I have an iPhone app, and now I need a supporting website to go with it. The site should extol the virtues of the product to organic and ad visitors, allow changing the design/copy without programmers help, allow A/B testing of the same, and contain a blog and a user support forum.<p>So it seems that I need a CMS, and there aren't that many ways to get a CMSs that supports A/B testing. Specifically, it seems that Visual Website Optimizer is it. Hence my choice narrows down to Drupal or WordPress.<p>Which should I pick? I don't know PHP and I spend most of my time programming Cocoa Touch and .NET/MS-SQL (server side services).<p>Ideally I would also like to be able to customize the website later, adding things like end-to-end funnel tracking (extending into iTunes, and onto device itself so that I could see who bought the app).

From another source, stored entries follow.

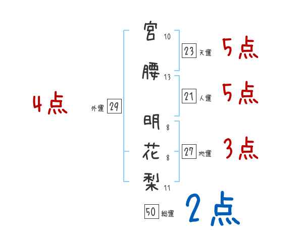 天運![]() | 宮腰明花梨さんの天運は23画の5つ星!想像力に優れ活力がある。一代で成功し名誉を手に入れる。 家系が持つ宿命的な運勢を表します。祖先から受け継いだ苗字ですので自分の力が及びません。家柄を象徴します。 |
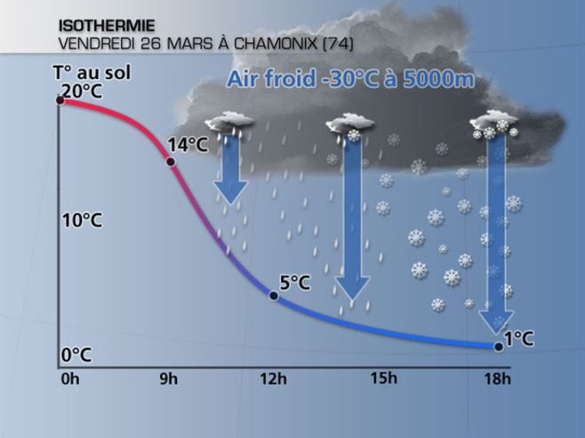Avec l'arrivée de la perturbation dans l'est, un net refroidissement s'est produit en altitude avec le retour de la neige dès 700 à 800 m sur le Jura et les Alpes. Dans le Jura, après des températures proches de 20° hier, c'est donc le retour de l'hiver ce vendredi avec quelques centimètres au sol dès 800 à 900 m d'altitude. Cette neige touche également le nord des Alpes où par isothermie (lorsque l'air froid d'altitude descend vers les basses couches de l'atmosphère), des flocons peuvent être observés temporairement vers 400 à 500 m !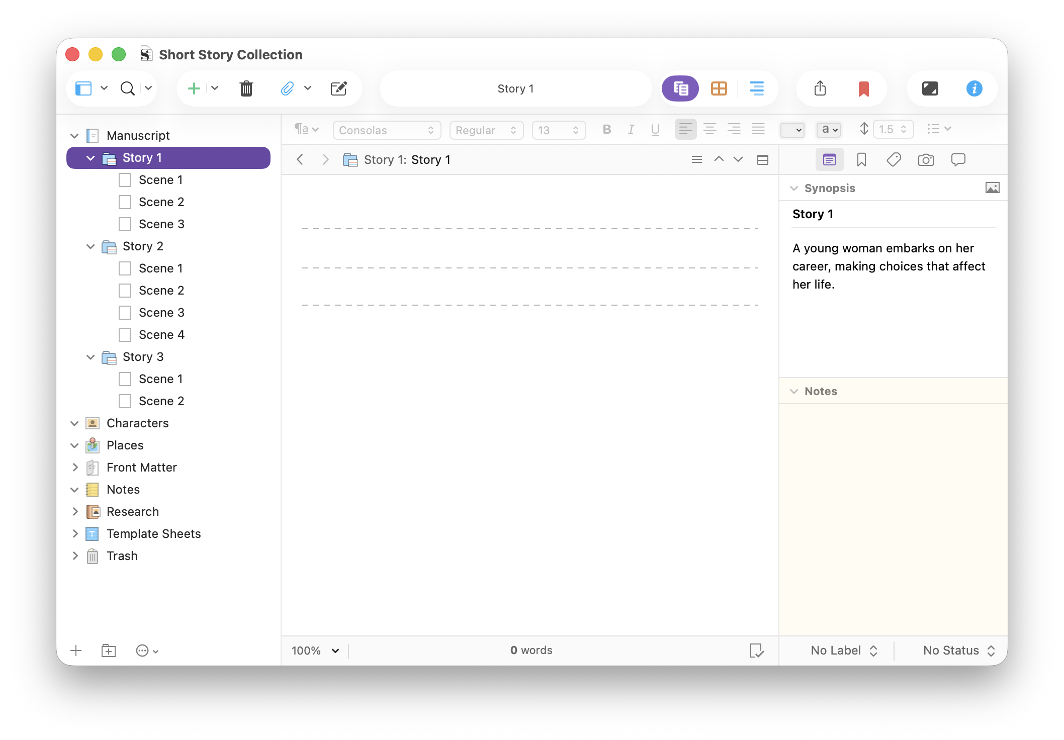 While there’s not much difference working with short stories or essays compared with, say, a novel or non-fiction book, some of Scrivener’s features, and its specific short story template, make the process a bit easier.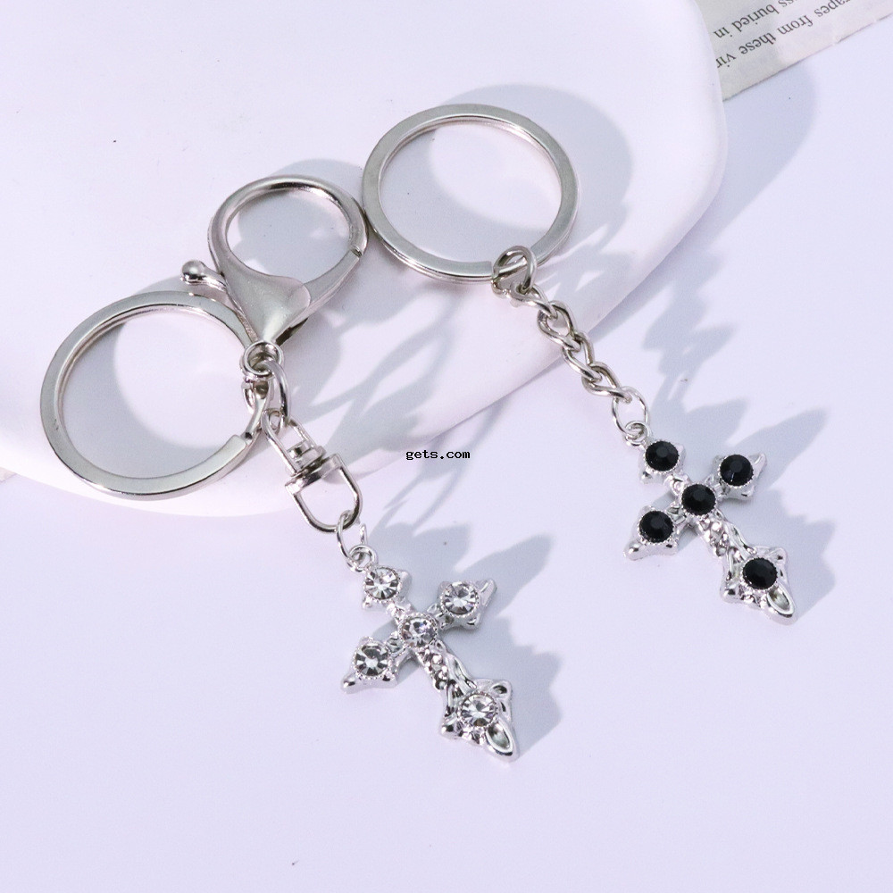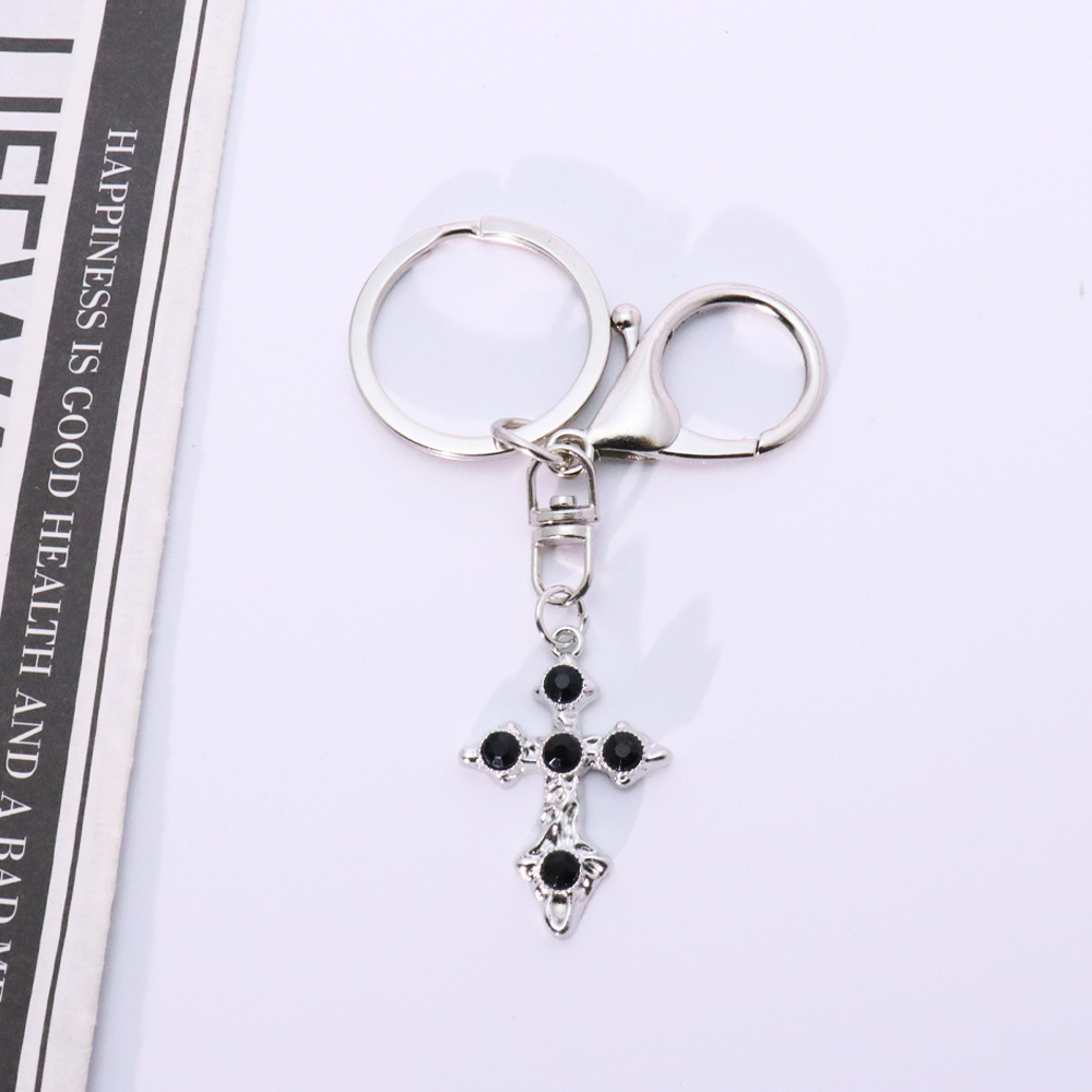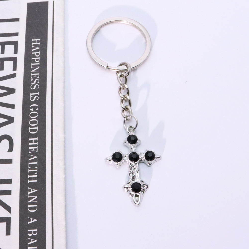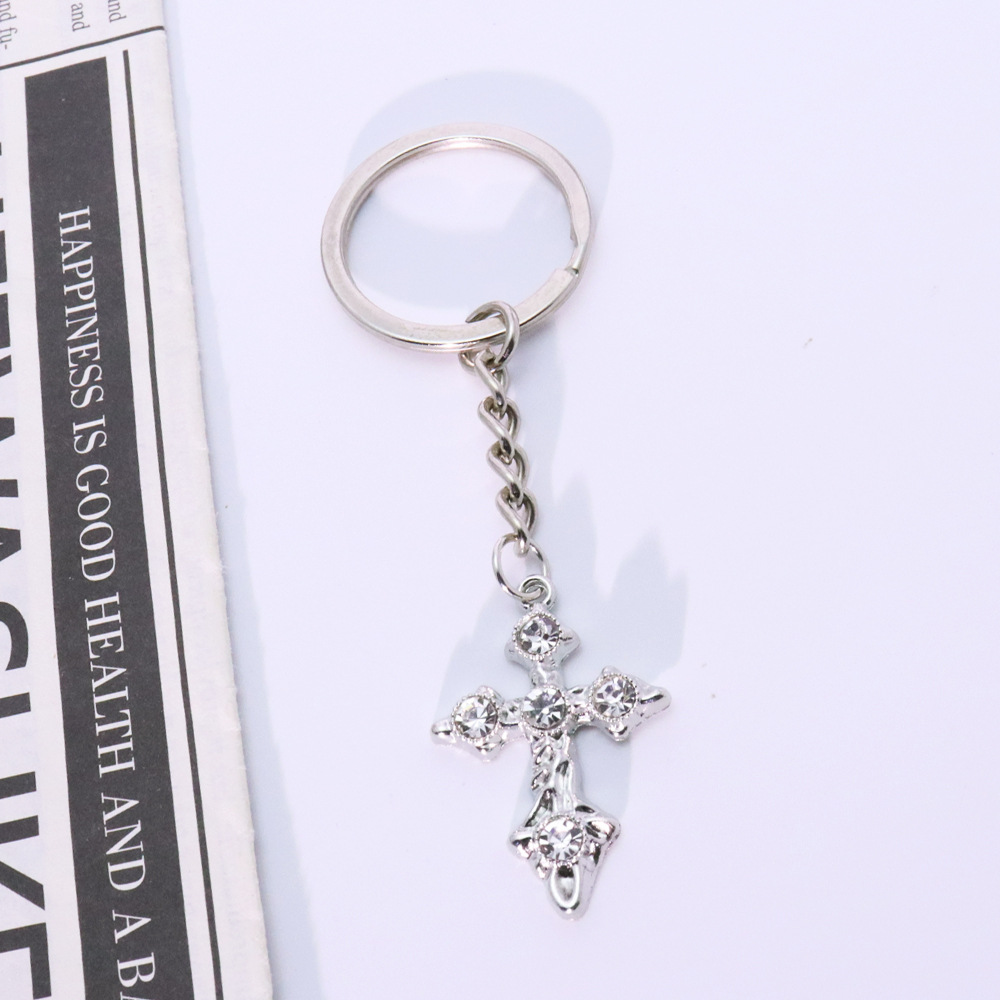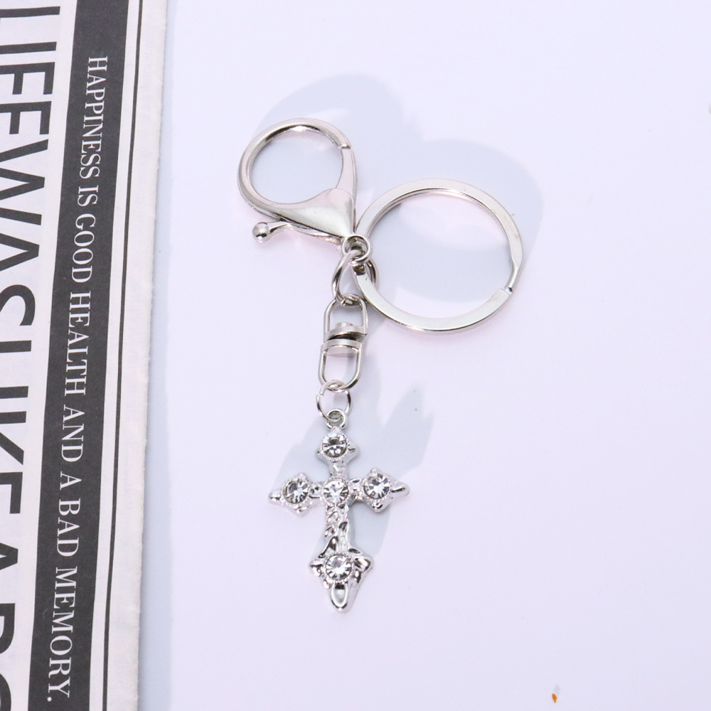 Porte-clés, alliage de zinc, croix, Placage de couleur d'or, bijoux de mode & avec strass, plus de couleurs à choisir, Vendu par PC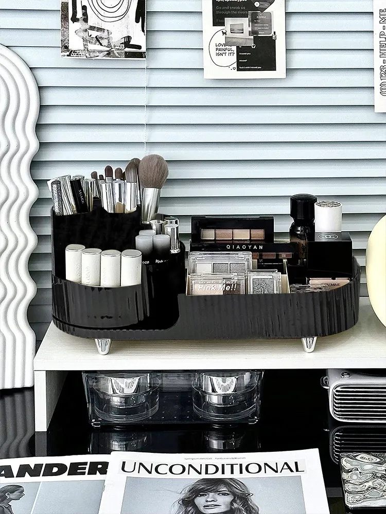 Elegant Makeup Organizer - Spacious Desktop Cosmetic Storage Box for Skincare, Lipsticks, and Brushes - Perfect for Your Vanity Setup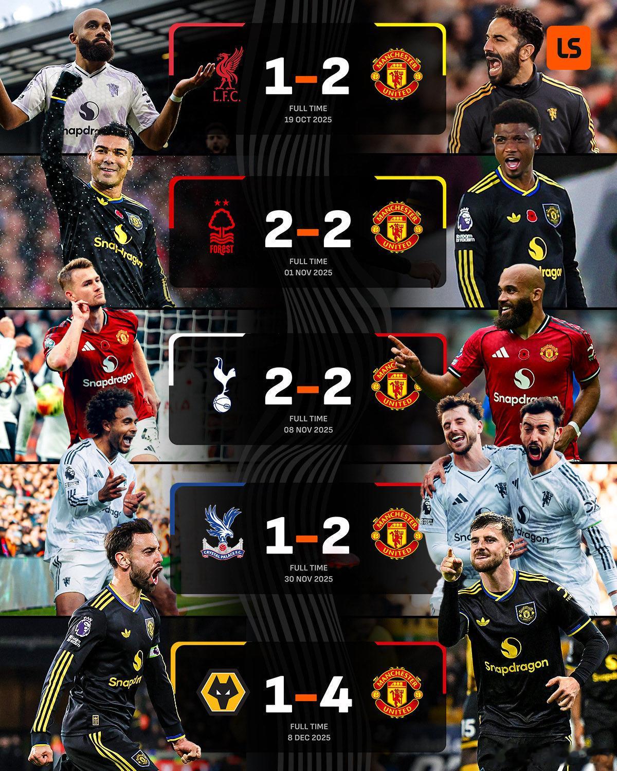 曼联客场大胜狼队,积分榜来到第六!距离第四仅差1分!最近9场5胜3平1负,最近5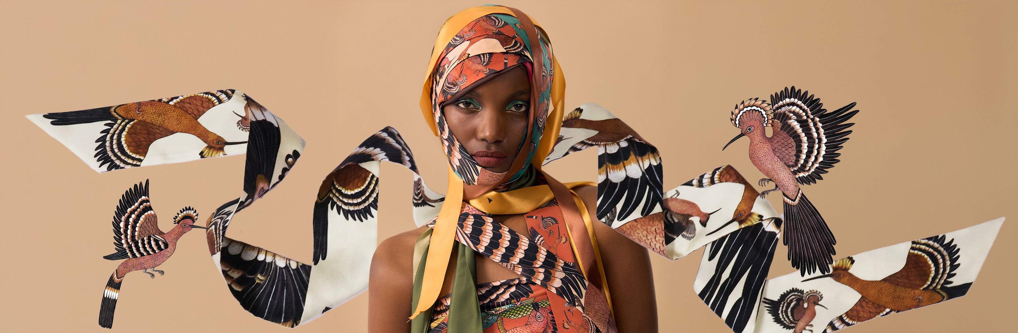 Inspired by her intricate depictions of the Hoopoe, a symbol of healing, wisdom, and spiritual guidance, Punch transforms her extraordinary journey into art. The Hoopoe Hop scarf is a heartfelt tribute to her resilience and remarkable spirit.
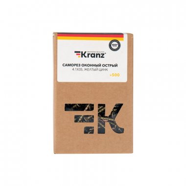 Саморез оконный KRANZ острый, 4.1х35, желтый цинк, короб (500 шт./уп.)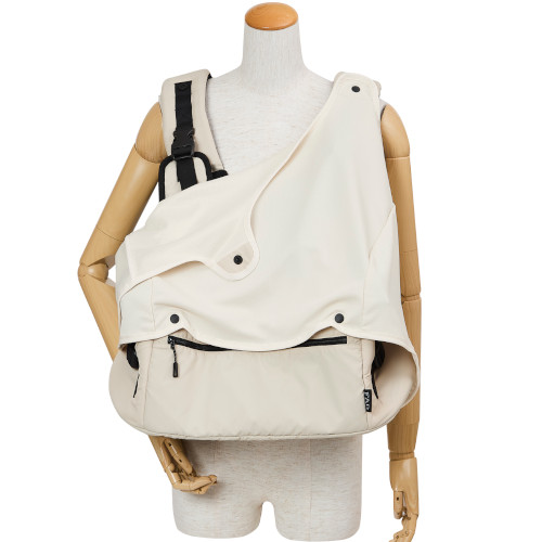 幅広のショルダーベルトとウエストベルトで、肩や腰への負担を軽減する前抱き専用キャリーバッグ

So it would be nice if the system allowed for me to ease myself into customizations without spending weeks learning things upfront.
======
pneill
I've used both Drupal and Wordpress. Each system has virtues. But from what
you say, it sounds like you're looking for something that is going to be small
and you don't want to spend a much time maintaining it. So I'd recommend
wordpress. If you're using a shared hosting service, there's a good chance
they already have a one click installer with automatic updates for you. So you
won't have to deal with installation and updating and you can get lots of
great themes for under $100. If you do go this route, my only recommendation
is that you avoid using third party modules to avoid any security issues. As
long as you stick with WP core and you keep the overal size of your site down
then you should be fine.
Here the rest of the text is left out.